Structure QC: is this structure ML-ready?¶
Before a PDB or mmCIF file becomes a descriptor table, contact map, or graph, it
is worth asking whether the coordinates are trustworthy: are residues missing,
is the chain broken, are there alternate conformations, what is the net charge?
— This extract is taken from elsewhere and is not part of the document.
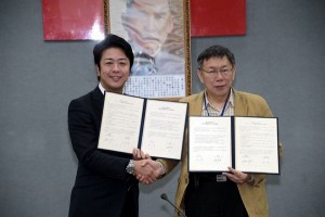 2月8日、福岡市の高島宗一郎(たかしま・そういちろう)市長と台北市の柯文哲市長は台北市産業発展局において、双方の起業支援のため人材や技術を提供することで交流を図ろうという趣旨の覚書を締結した。

prepare_structure reads the file once and answers all of that in a single
StructureReport.
import molscope as ms
report = ms.prepare_structure("1ubq.pdb") # a path or a 4-char PDB id
print(report.summary())
# 1ubq.pdb: ML-ready | 660 atoms | chains A | net charge +0 | warnings: ...
What it checks¶
| Check | Severity | Needs |
|---|---|---|
| Missing backbone atoms (N, CA, C, O) | blocker | core |
| Backbone chain breaks (CA–CA > 4.5 Å between adjacent residues) | blocker | core |
| Residue-numbering gaps | warning | core |
| Truncated side chains (fewer heavy atoms than the residue should have) | warning | core |
| Non-standard residues + ligand / water inventory | warning | core |
| Hydrogens present | warning | core |
| Alternate conformations / partial occupancies | warning | core (PDB) |
| Net formal charge at a chosen pH | informational | chem (+ propka for "pka") |
The topology checks run on the bare NumPy install. The net-charge step reuses the
protonation backends and degrades gracefully: if RDKit (or PROPKA) is missing,
or the file cannot be template-parsed, the charge is reported as None with an
explanatory note instead of raising.
report = ms.prepare_structure("1ubq.pdb", protonation="pka", ph=7.4)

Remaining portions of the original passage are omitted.